📘 3 Levels of Data Abstraction in DBMS
(from the ANSI/SPARC model)
Data abstraction in DBMS is implemented using three levels:
External Level, Conceptual Level, and Internal Level
Each level hides certain details from the one above it to simplify interaction and isolate complexity.
🧱 1️⃣ Internal Level — Physical Level (Lowest)
🔍 What it is:
-
Describes how data is physically stored in memory (disk blocks, file formats, indexing).
-
Closest to the operating system and storage hardware.
📦 Example:
-
Rows stored in
.dbfiles -
Use of B+ trees, hash indexes, compression, page size
-
Whether storage engine is row-store or column-store
✅ Hidden from:
-
End users
-
Application developers
🧠 Interview Tip:
Changes here (e.g., how data is indexed) don’t affect queries — thanks to abstraction.
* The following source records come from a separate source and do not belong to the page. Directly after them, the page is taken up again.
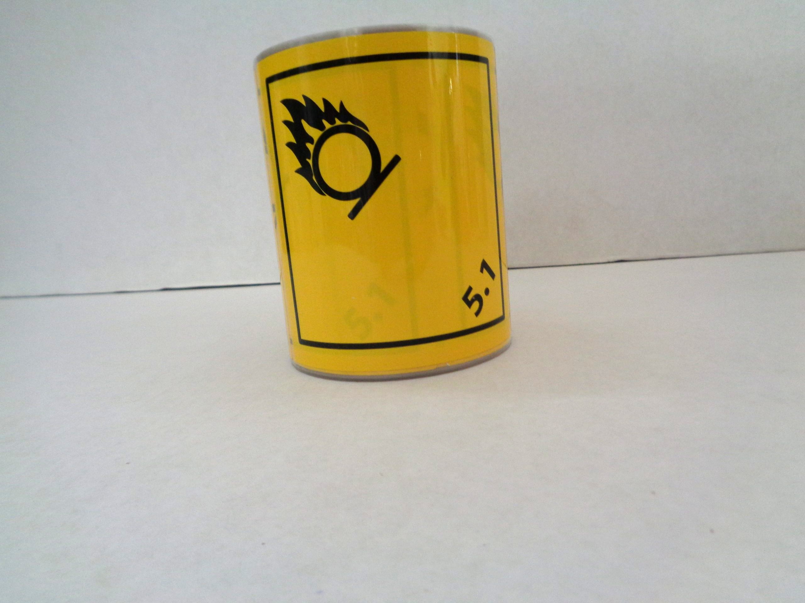 Rollo de etiquetas de la División 5.1 indicado para sustancias sustancias comburentes (oxidizer)
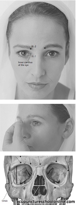 Transverse-oblique insertion inferiorly towards Jingming Bl-1 for eye diseases, or Transverse lateral insertion to join with Yuyao (M-HN-6) for supraorbital pain, or prick to bleed for heat disorders.
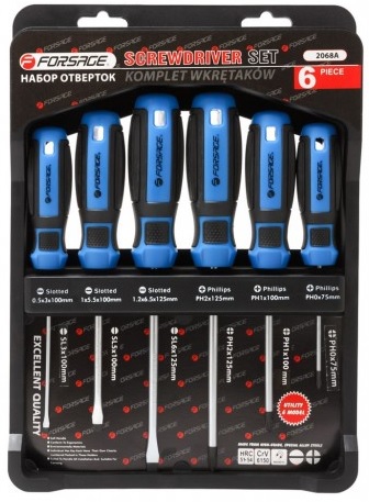 ОписаниеНабор отверток 6 предметов (SL: 5, 5.6, 5.8мм, PH: 1, 2, 3) в лотке
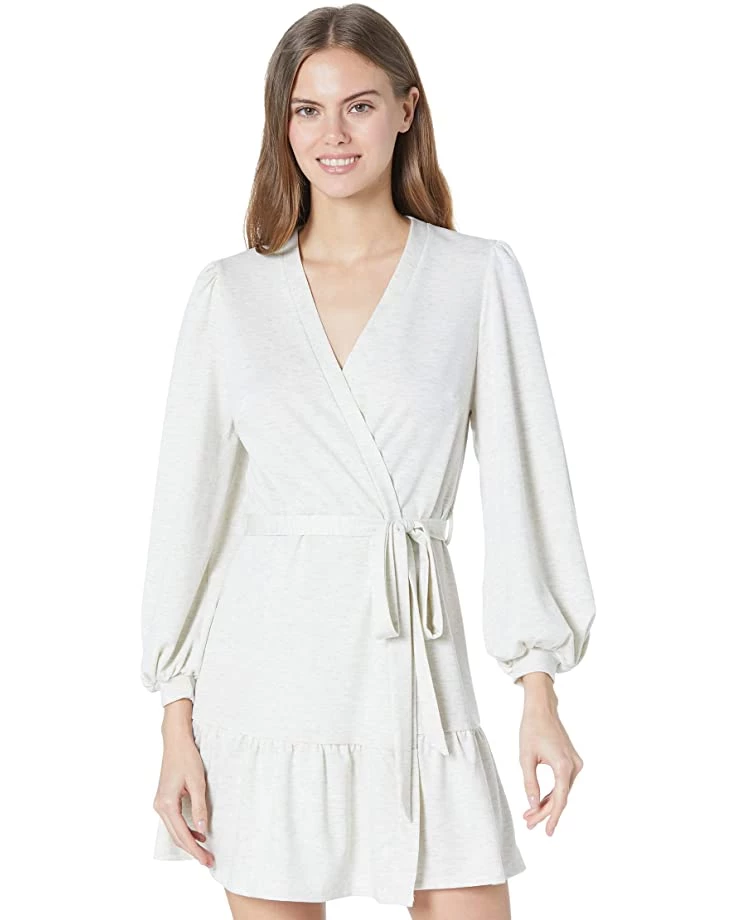 - Lounge in style and comfort, with the Eberjey® Naya – The Mademoiselle Kimono Robe. This robe features a low v-cut neckline, tie-knot waist belt closure, bishop sleeves, and ruffled hemline.
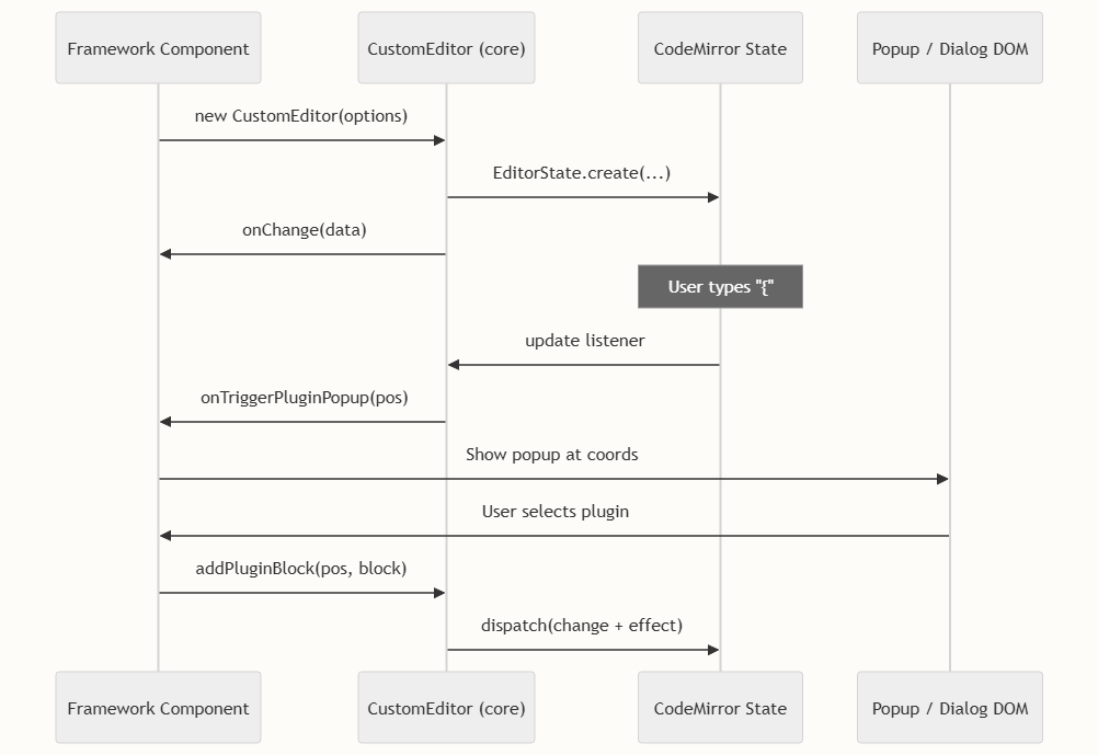 在最高层面上,编辑器遵循回调委托架构:核心引擎处理所有文档建模、块生命周期和文本操作,同时通过定义良好的 options/callback 接口,将所有视觉呈现问题(弹窗、对话框、覆盖层定位)委托给宿主框架。
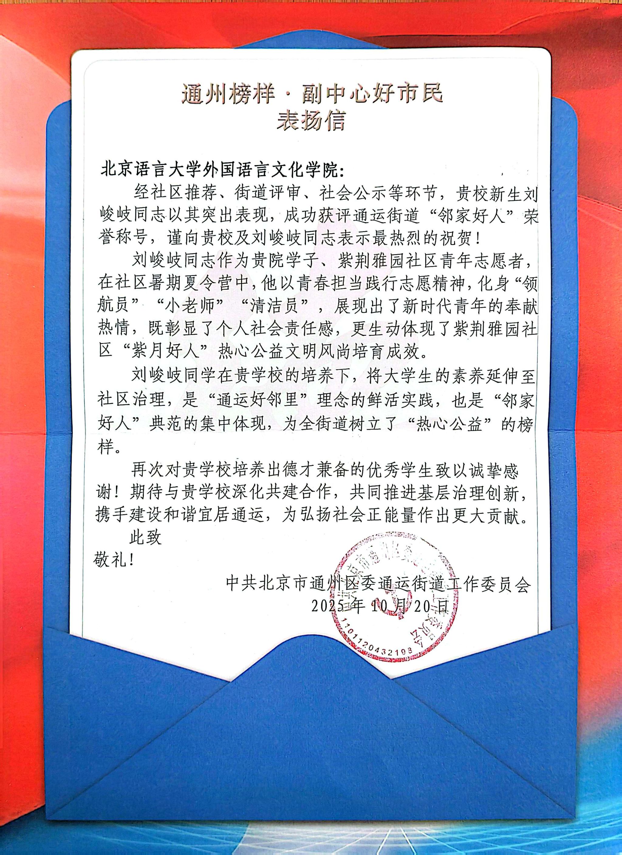 北语新闻网11月27日电(通讯员 耿思贤)近日,外国语言文化学院收到一封来自通州区的特别表扬信,信中对2025级德语(涉外林业工程人才实验班)刘峻岐同学予以通报表扬,并授予其“通州榜样·副中心好市民”荣誉称号。这份荣誉,将他在紫荆雅园社区暑期夏令营中温暖人心的志愿服务故事,再次带回到我们眼前。
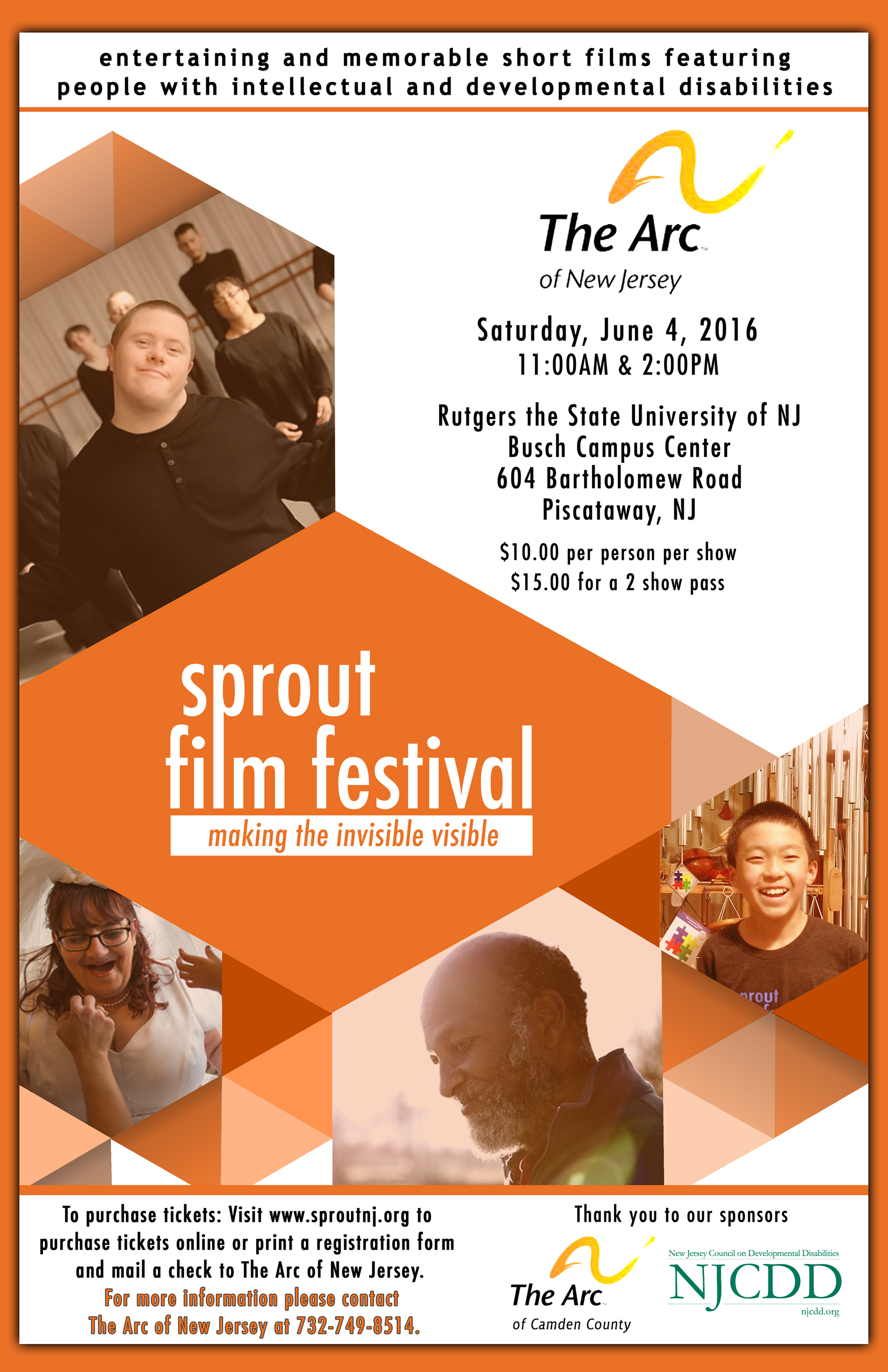 The Arc of New Jersey is thrilled to announce that we are hosting our first Sprout Film Festival on Saturday, June 4th in Piscataway, New Jersey. The Sprout Film Festival offers people with intellectual and developmental disabilities the opportunity to be on screen and behind the scenes in a wide range of video projects. Each film has a varied run-time and the genres can alternate from comedy and drama to documentary-style. The goal of the Festival is to break down stereotypes and offer accurate portrayals of people with disabilities. The event will take place on the Busch Campus at Rutgers University and the auditorium is accessible for people with disabilities

🧱 2️⃣ Conceptual Level — Logical Level (Middle)
🔍 What it is:
-
Describes the entire logical structure of the database.
-
Defines all entities, attributes, data types, relationships, and constraints.
-
This is where the schema lives.
📦 Example:
Table: Employees
- id INT PRIMARY KEY
- name VARCHAR(100)
- dept_id INT FOREIGN KEY- Doesn’t care how data is stored — just what exists.
✅ Hidden from:
- How data is stored physically (internal level)
🧠 Interview Tip:
If the schema changes (like adding a column), it doesn’t break the views at the external level — unless they rely on that column.
🧱 3️⃣ External Level — View Level (Top)
🔍 What it is:
-
Defines how individual users or applications view the data.
-
Can have multiple external views for different roles/users.
-
Implements subschemas and access control.
📦 Example:
-
HR app sees:
name,salary -
Intern app sees: only
name -
Executives see: analytics summaries via a
VIEW
✅ Hides:
-
Complexity of schema and storage
-
Sensitive columns (e.g., salaries, passwords)
🖼️ Summary Table:
| Level | Description | Who Uses It | What It Hides |
|---|---|---|---|
| External | What a user or app sees (views) | End Users, Apps | Schema + Physical storage |
| Conceptual | What the whole DB looks like (schema) | DB Designers | Physical storage |
| Internal | How data is actually stored (files/indexes) | DBMS Engine, Admins | Everything above it sees only logic |
🔁 Interaction Between Levels:
User Query (External View)
↓
Conceptual Schema (Logical Mapping)
↓
Internal Schema (Actual Storage Access)
🧠 Interview Line:
“The three levels of data abstraction in DBMS are: Internal Level (physical storage), Conceptual Level (logical schema), and External Level (user views). This separation allows flexibility, security, and simplified user interaction with complex data systems.”